After vaccines are developed, there is likely to be at least an initial scarcity of global supply. Ideally, all governments would commit to consume only their fair share and to permit exports of vaccines produced in their jurisdictions. But such promises are not politically credible. A more reliable strategy is to build scientific and industrial capacity to develop and produce adequate volumes of countermeasures in all regions and to negotiate rules ensuring that knowledge and technology are globally shared, even when physical products are not.
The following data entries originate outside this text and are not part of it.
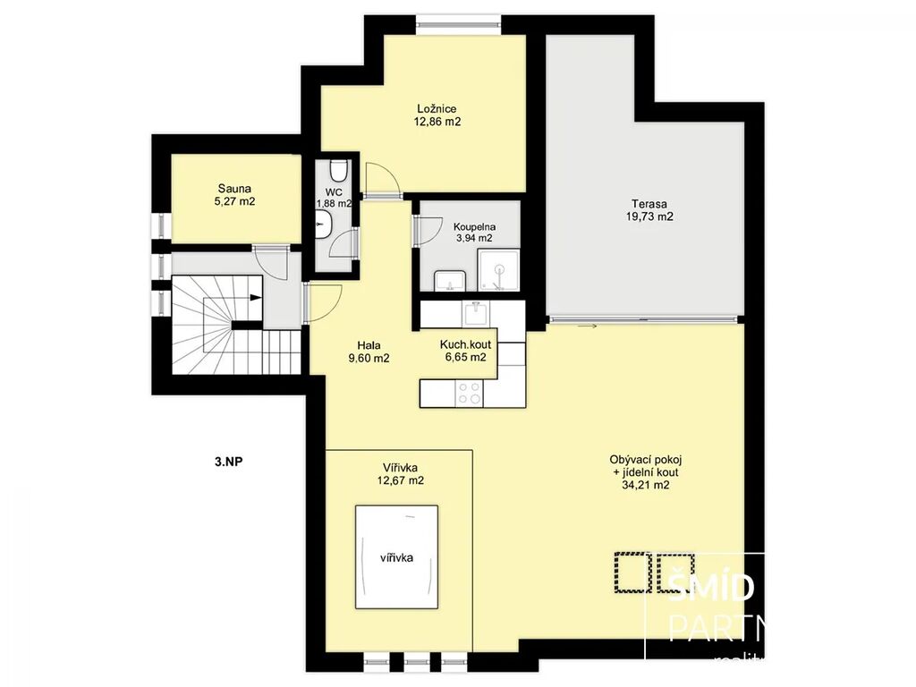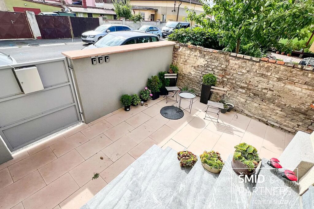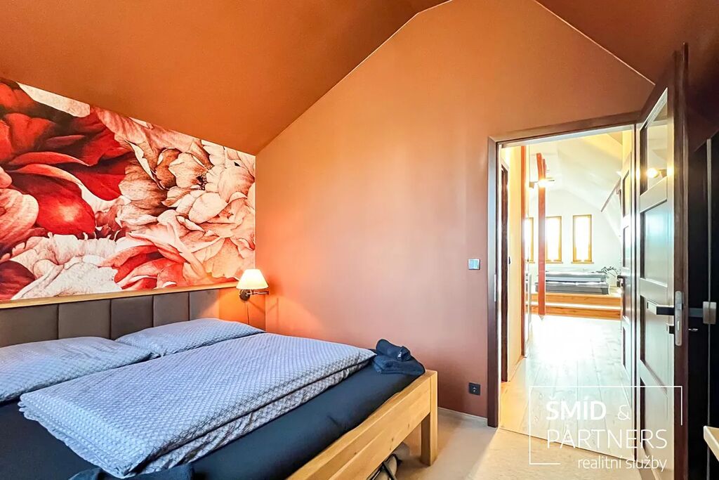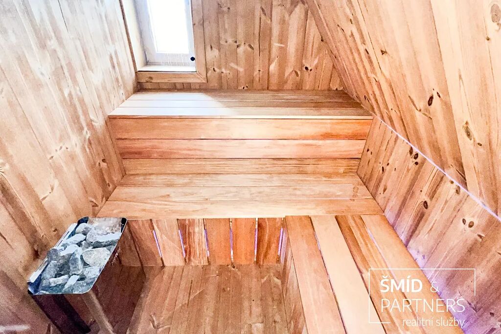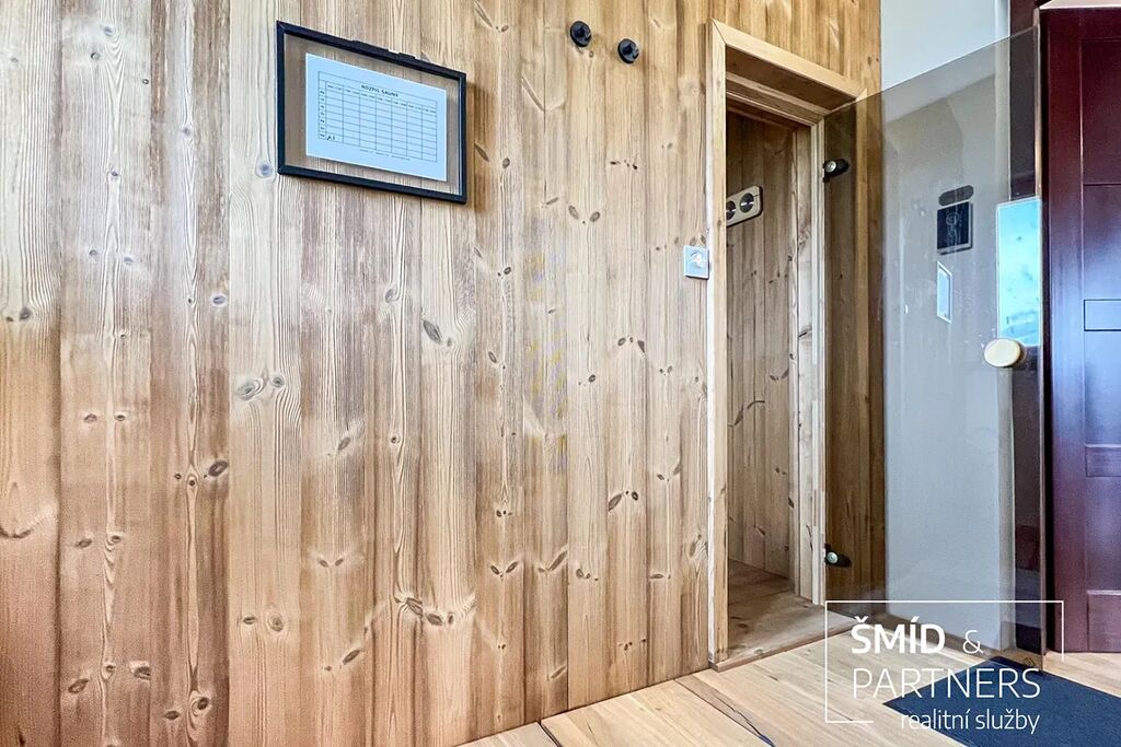 Tento podkrovní byt je luxusně vybaven moderní kuchyní, vířivou vanou, velkou terasou, prostorným obývacím prostorem, saunou a zahradou, která je k dispozici všem vlastníkům domu. Kuchyň je vybavena troubou, mikrovlnnou troubou, lednicí s mrazákem, indukcí a myčkou. Ve spolupráci s architektkou zde vnikl příjemný prostor k bydlení a zároveň místa pro relaxaci. Z terasy je výhled na zahradu, v jejíž zadní části je k dispozici pergola. Díky stromům a vyšším plotům zde můžete strávit čas v poklidu a relativně v soukromí.
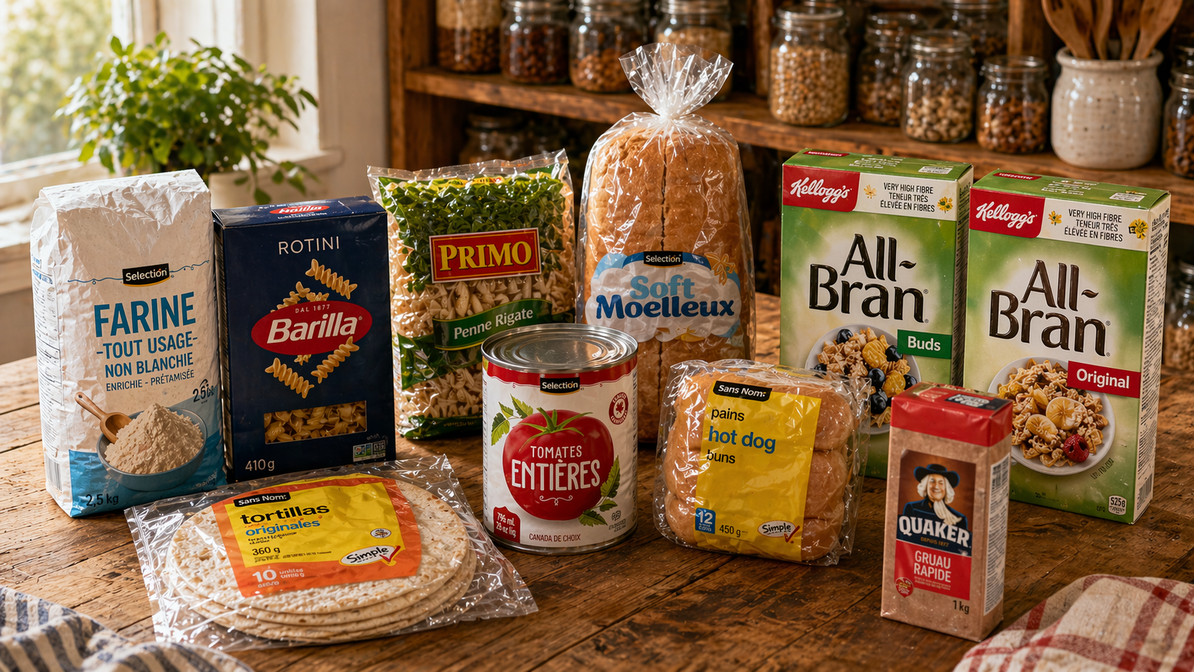 Les produits secs, c’est une des catégories les plus importantes dans une logique de prix plancher, parce que c’est souvent là que se bâtit la vraie base du garde-manger. Martin aime particulièrement cette section-là, parce qu’elle montre bien la différence entre acheter pour remplir un panier… et acheter pour créer une vraie stabilité. Farine, pâtes, riz, avoine, tomates en boîte, pains, tortillas, céréales : ce sont des produits qui reviennent sans arrêt dans la vraie vie, puis qui permettent de cuisiner, dépanner, étirer et structurer une semaine sans tomber dans le cher.
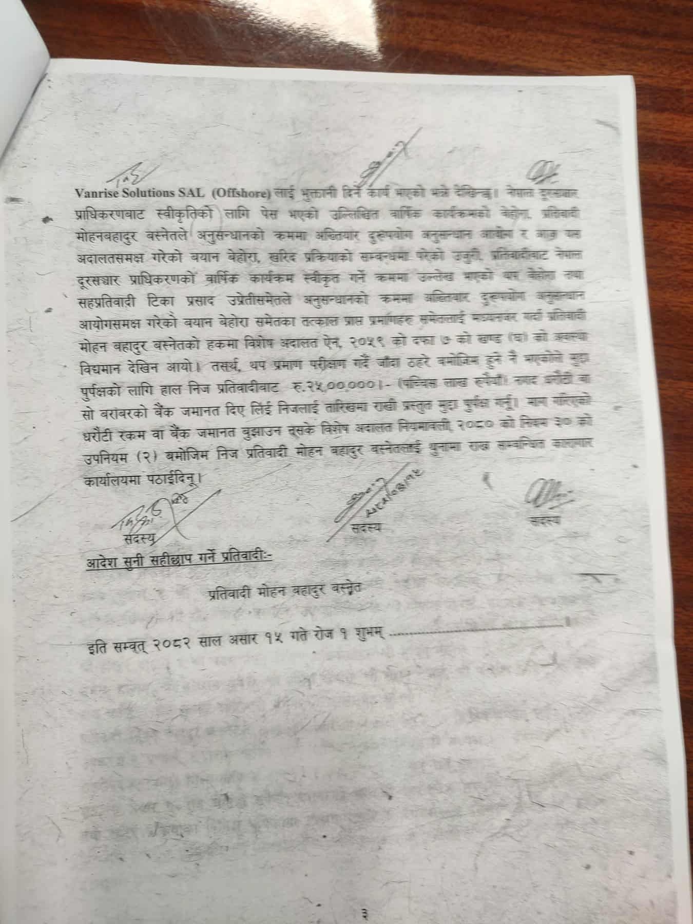 विशेष अदालतका न्यायाधीश तेज नारायण सिंह राई, राम बहादुर थापा र विदुर कोइरालाको इजलासले बस्नेतविरुद्ध उक्त धरौटी मागको आदेश दिएका हुन् ।

Using and expanding regional manufacturing hubs today are necessary steps toward ending the current pandemic and preparing for the next one.
In 2013, governments rejected the chance to advance a WHO treaty establishing an international public fund for medicines R&D and rules making the resulting technology openly accessible. We should not lose the opportunity now to craft international laws that would make future pandemic vaccines available to all as global public goods and avert a repeat of the ethical, epidemiologic, and economic catastrophe that is unfolding today.